Jon Stokes has an excellent description of the world of HFTs with its global network of supercomputers with "predatory algorithms (that) trawl the information stream, competing every millisecond to gain an informational advantage over rivals". He writes,
"Not everyone is convinced that liquidity is worth the attendant risks of HFT, which are very difficult to quantify when you're looking at HFT's potential impact on the market as a whole... there's... the possibility that HFT, with all of its enormous speed and complete automation, poses a larger systemic risk to our markets... It could be that this fast-moving system as a whole could quickly and dramatically fail in some unforeseen way, due to a combination of an external shock and unseen internal fragility... HFT's combination of speed, volume, secrecy, and lack of human oversight and intervention worries even those who trust the human players not use their machines to cheat at the game."

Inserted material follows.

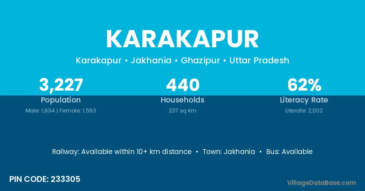 Jakhania is the nearest town to Karakapur village for major economic activities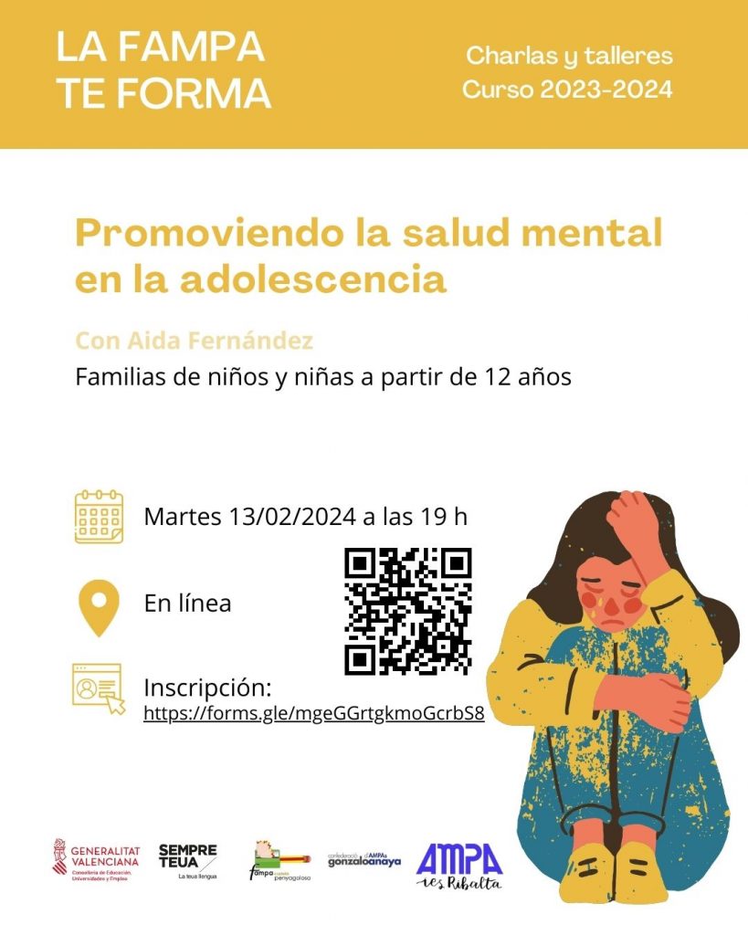 El martes 13 de febrero a las 19 h la AMPA IES Ribalta ha organizado, en colaboración con FAMPA Castelló Penyagolosa, el taller en línea “Promoviendo la salud mental en la adolescencia” que impartirá Aida Fernández (https://aidafernandezpsicologa.com), licenciada en psicología clínica con más de 15 años de experiencia.

NYT op-ed on HFT and flash trades.
Update 2 (7/3/2010)
Richard Olsen argues that the discipline of high-frequency trading can revolutionise economics and finance by turning accepted assumptions on their head and offering novel solutions to today’s issues. He writes, "High-frequency data is a term used for tick-by-tick price information that is collected from financial markets. The tick data is valuable, because they represent transaction prices at which assets are bought and sold. The price changes are a footprint of the changing balance of buyers and sellers."